C’è un modo migliore degli altri per far si che questo passaggio si riveli in tutta la sua potenza. Funziona anche in macchina, ma l’effetto è decisamente più completo e sconvolgente se usate un motorino. Sulle due ruote si compie la magia perché siamo esposti a tutti gli agenti esterni, come se fossimo a piedi, ma andiamo a velocità elevate come quelle di una macchina; una nuova un’unione tra opposti propiziatoria, macchina e uomo fusi in un agglomerato di carne e metallo. È un po’ il concetto della macchina di DOC in Ritorno al Futuro, solo che accelerando, invece di proiettarci in avanti o indietro, facciamo qualcosa di ancora più stupefacente: sentiamo scorrere sulla faccia e tocchiamo con le dita la pasta ineffabile del presente.

Insomma, bisogna inforcare le due ruote quando la primavera sta per diventare estate, quei pochissimi giorni all’anno in cui le stagioni ballano tra di loro e sono ancora indecise su chi dovrà piroettarsene via. Quei due chilometri di strada vanno imboccati al principio del tramonto. Tutte le piante sono in fiore, il profumo è fortissimo e sensuale; migliaia di cicale hanno già iniziato a cantare in modo ipnotizzante; le vibrazioni dei sampietrini contribuiscono all’effetto lisergico; la luce, ancora morbida ma già calda, si incanala perfettamente nel tunnel delle mura antiche, senza accecarci. Qui le parole finiscono. Posso solo provare a descrivere la sensazione: ci si sente leggeri, un po’ intontiti, soddisfatti, appagati – come se il motorino si trasformasse in Pegaso, spiccando il volo. Non si pensa alla giornata di merda avuta, né a quella di merda che verrà. Non si pensa.

Il tutto dura solo qualche secondo. Secondi in cui il tempo percepito si è squagliato come nei quadri di Dalì: potrebbero essere passati minuti, ore, anni.

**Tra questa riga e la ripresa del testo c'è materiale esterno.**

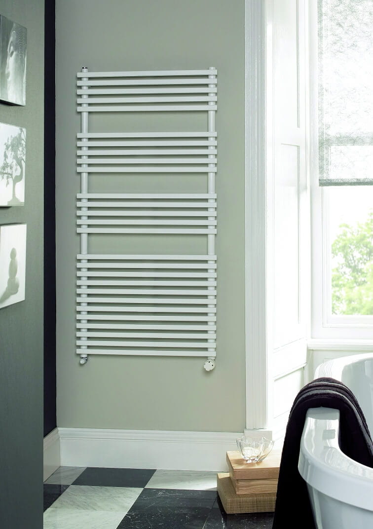 Grzejnik Gocta ma wąskie poziome panele grzewcze o kwadratowym przekroju. Są one złączone z pionowym okrągłym profilem. Daje on dużo ciepła i wizualnej przyjemności za sprawą doskonałej konstrukcji i estetycznego wykonania. Ponadto grzejnik zapewnia mnóstwo miejsca do suszenia i wieszania ręczników, dzięki zastosowaniu specjalnych krzywizn pod kątem 90 stopni.
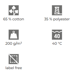 • 65 % katoen, 35 % polyester (samenstelling van kleur 12 kan afwijken – 85 % katoen, 15 % viscose)
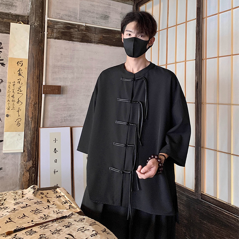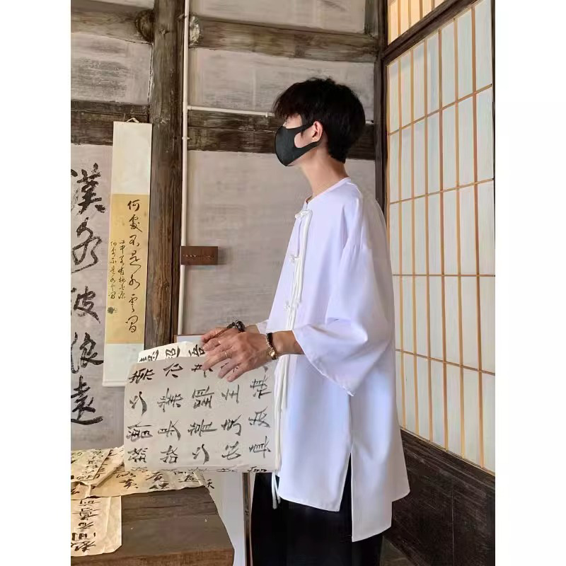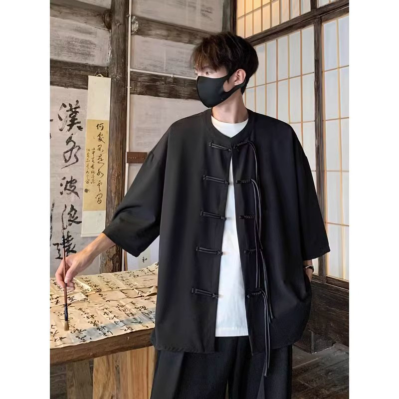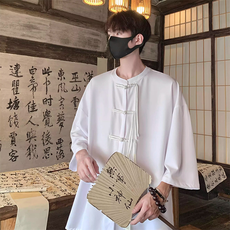 | nameOriginal | Taoist Robe Hanfu Zen Feeling National Style New Chinese Style Improved Ice Silk Short Sleeve Shirt Men's Niche Antique Light Seven Points |
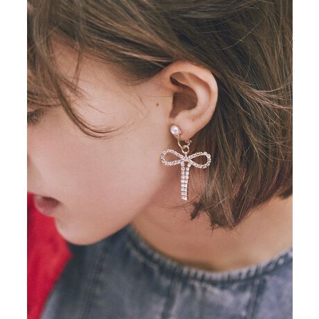 ビジューリボンデザインが、トレンド感たっぷりなイヤリング。
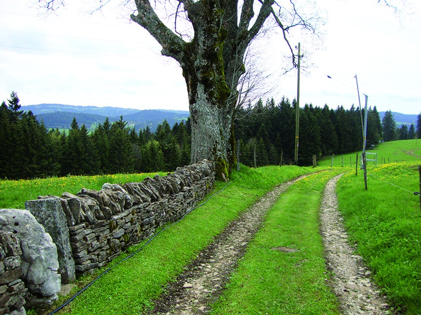 Über den Weg Emposieux Abstieg in den Graben von Valanvron. Nach den "Anciens Moulins" in Richtung der STEP (ARA) einbiegen. Nach der Kläranlage dem ausgetrockneten Flussbett "La Ronde" folgen. 130 Meter nach einer Försterhütte links in einen nur knapp markierten schmalen Pfad zum Wiederaufstieg nach Valanvron abzweigen. Bei der Haute Fie dem rechts abzweigenden Weg hinunter zum rechten Seeufer des Cul-des-Près und weiter in Richtung Biaufond folgen.

Quando parlo con gli amici, quando ci confessiamo lo stordimento, lo stress e la depressione che ci causa vivere a Roma, finisco sempre per pensare a quei secondi sull’Appia Antica – al passaggio nascosto tra Roma e Remoria. Provo a spiegarmi, a sottolineare quanto vivere quell’esperienza una volta o più volte all’anno riequilibri qualcosa dentro di me, rimetta in asse le tante Rome in cui è scomposto questo incubo urbanistico. Non ci riesco quasi mai: spesso mi vengono restituiti i sorrisi bonari di chi mi vuole bene ma sta pensando che io sia pazzo o esaurito. Naturalmente non escludo nessuna delle due possibilità. Prima di unirvi al coro però trovate un motorino e provate a percorrere il passaggio tra Roma e Remoria: ci vediamo in cielo in sella la nostro cavallo alato di lamiera.